For many people owning a home is their greatest asset. It’s important to understand the mortgage loan process if owning a home is your goal. There’s a lot of information to digest during the financing process but the basic information starts with the type of mortgage loan – Conventional or FHA.
It may not always seem clear whether to apply for a FHA loan or Conventional loan. The features of each mortgage loan may have an impact on your interest rate, the amount of your monthly payment and your overall cost of borrowing.
With conventional loans consumers must have good credit histories and a down payment of at least 20% to avoid paying private mortgage insurance (PMI).
On the other hand there are FHA loans which don't require good credit histories or such a large down payment. FHA loans are available to everyone, not just first-time home buyers. If you’ve purchased a home before, you may qualify for FHA.

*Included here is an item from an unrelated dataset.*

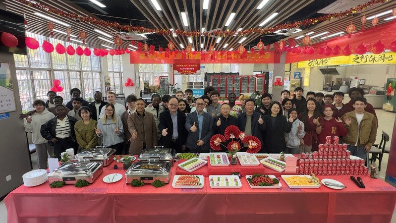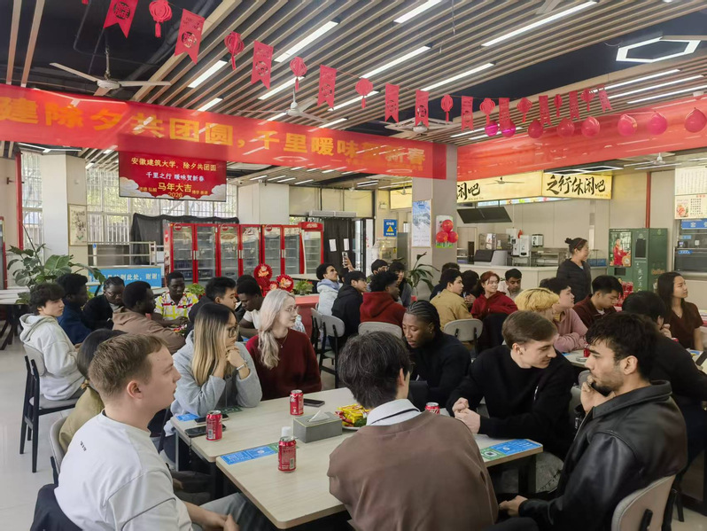校党委常委、副校长杨科,校党委常委、副校长高跃峰,后勤基建处、学生处、保卫处、国际教育学院负责人及相关工作人员与几十名留学生欢聚一堂,共享团圆宴,共话新年愿景。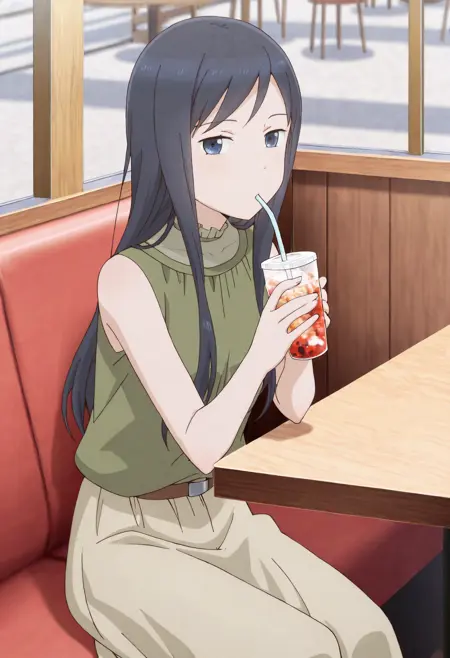 frilled collar, sleeveless blouse, green blouse, khaki skirt. long skirt, belt,

Here are 5 reasons to get an FHA loan
1. Good credit is not required. The major advantage to selecting an FHA loan is easier credit requirements. Lower credit scores are allowed, in fact credit scores can go as low as 500 although individual FHA lenders can set higher guidelines of at least 580.
2. Low down payment required. FHA requires a lower down payment amount. With as little as 3.5 percent down, you can obtain a mortgage through FHA. Borrowers can use gift money for the down payment.
3. Major credit problems okay. Following a major credit issue like bankruptcy or foreclosure, consumers don't have to wait as long to obtain a mortgage loan through FHA. For instance, the bankruptcy timeframe is 2 years and if you’ve had a foreclosure due to loss of income the timeframe is 1 year.
4. Higher debt allowed. FHA loans are not limited to 36 percent for debt-to-income ratio like conventional loans. Debt-to-income (DTI) ratios measures a consumer's ability to pay off a mortgage loan or other debt. Lenders consider debt-to-income ratios to be as important, if no more, than credit scores.
One considers mortgage debt relative to income. The other looks at how much overall debt–mortgage, credit card, auto and student loan debt–a consumer has compared to his income. The higher a person's debt-to-income ratios, the bigger credit risk lenders consider them.
FHA’s debt-to-income ratios are more generous, at 43 percent, than the ones set by underwriters for conventional mortgage loans. In fact, under certain circumstances, FHA can go as high as 45% DTI.
5. Non-occupant co-borrower (relative) may be used for qualifying. FHA allows a co-applicant to help you qualify even if the person doesn't live in the home. A co-borrower can help make up for a poor or limited credit history (not due to a BK or foreclosure), heavy debt or limited savings.
FHA Fannie Mae HomeReady Program allows lenders to include income from non-borrowers within a household, such as extended family members, toward qualifying for a mortgage loan. The HomeReady program opens mortgage access to a segment of the population that doesn’t fit the typical family structure.
Who qualifies for an FHA loan?
Homebuyers with at least 3.5% of the purchase price of a property will also need to:
- Provide a valid Social Security number.
- Proof of U.S. citizenship, evidence of legal permanent residency or eligibility to work in the U.S.
- Be of age to sign a mortgage contract under your state’s borrowing laws.
- Purchase a one- to four-unit property.
- Find a list of FHA approved lenders at: HUD Lender List.
Drawbacks of FHA mortgage loans
There are a few drawbacks to FHA loans — the main one being high mortgage insurance fees. The upfront and monthly mortgage insurance premiums are some of the highest of any loan type and mortgage insurance remains for the life of the loan in most cases. FHA annual mortgage premiums are paid in 12 monthly installments every year, and are paid on top of principal, interest and insurance. For new FHA loans, they last for the entire life of the loan, regardless of whether you have more than 20 percent equity in your home.
Currently the mortgage insurance premiums range from 1.35 percent to 0.75 percent for loans with less than 5 percent down, and from 1.30 percent to 0.8 percent for loans with more than 5 percent down. But there is way out. Once you establish a good credit history and build up 20% equity in your home, you can refinance into a conventional loan in order to cancel mortgage insurance.